Students at East High School were among the roughly 9,000 people who, for a short time at least, were drinking city water contaminated with high levels of an industrial pollutant that can cause liver, kidney or lung damage.
Nobody would have known that by reading the Madison Water Utility's consumer confidence report data for that year.
The federal health standard for the chemical, carbon tetrachloride, is 5 parts per billion. In October 2000, the level in the city's well No. 3 tested at 8.3 parts per billion.
But the utility's annual drinking water quality report listed the maximum level found at only 2.9 parts per billion. Utility officials say it was a typo.
A three-month-long look at Madison's drinking water revealed dubious management practices that may lessen trust in both the utility and the safety of drinking water, an aging system that can allow more pollutants in, and above all, the utility's reluctance to be forthcoming about the water we're drinking.
When tap water at hundreds of city homes started running black - contaminated with the mineral manganese - residents began asking questions.
Here's what the Wisconsin State Journal found in a three-month look at Madison's water:
The Madison Water Utility has been closed-mouthed on a number of occasions about potential problems with our water. In 2003, for example, the utility failed to report a break-in at one of the city's water towers to the police or the state Department of Natural Resources. DNR officials said they didn't know about the break-in until the State Journal turned up the incident in its reporting.
Officials with the utility were reluctant to issue a boil order as extensive as was sought by the DNR after tests showed fecal bacteria in water samples from Madison's East Side. The order was eventually issued.

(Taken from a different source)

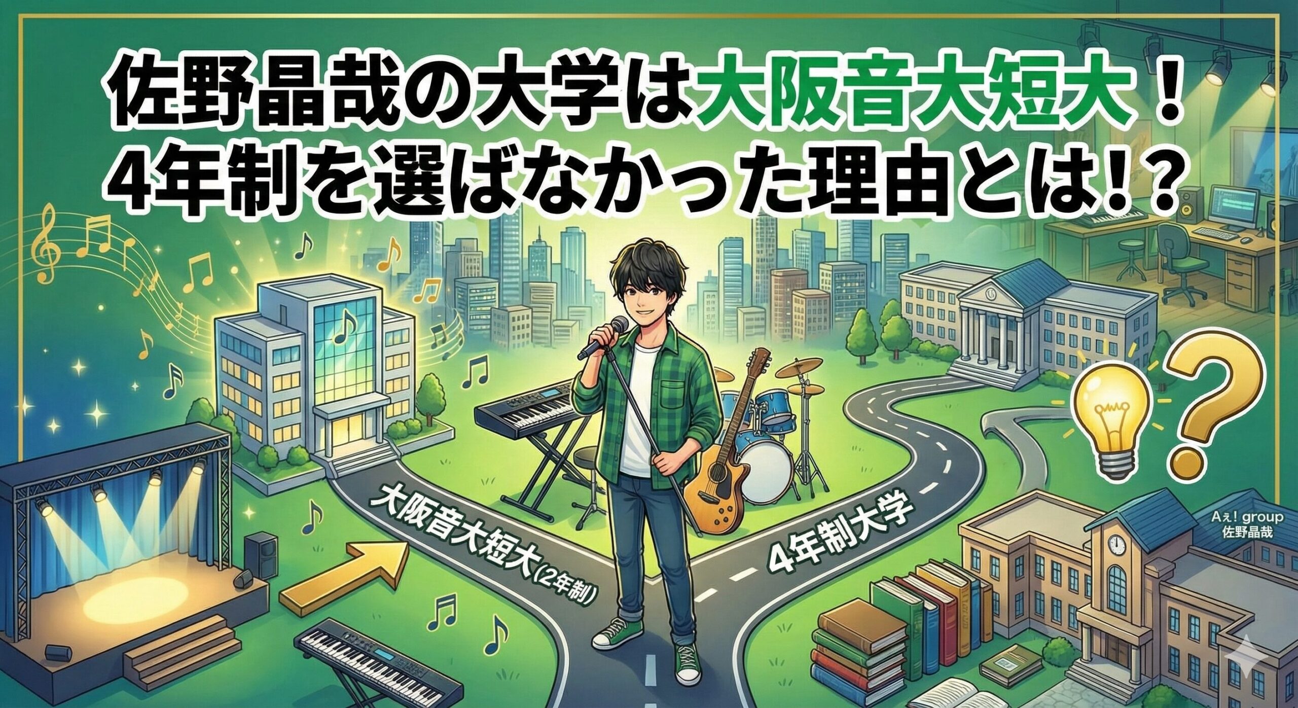 佐野晶哉が大阪音楽大学短期大学部を選んだこと。それは単なる学歴作りではなく、「声楽」という個人の武器を「作曲」というグループの武器に変え、メンバーと共に未来を切り拓くための戦略的な決断でした。

In 2003 and 2004 - years when Madison's current manganese problems first surfaced - the utility failed to keep adequate records of water quality complaints as required by the Public Service Commission.
The water system is aging - with more than 200 water main breaks a year, and each break is a chance for more pollutants to enter the water.
Madison's 24 public wells contain numerous contaminants, though few ever test above federal health standards.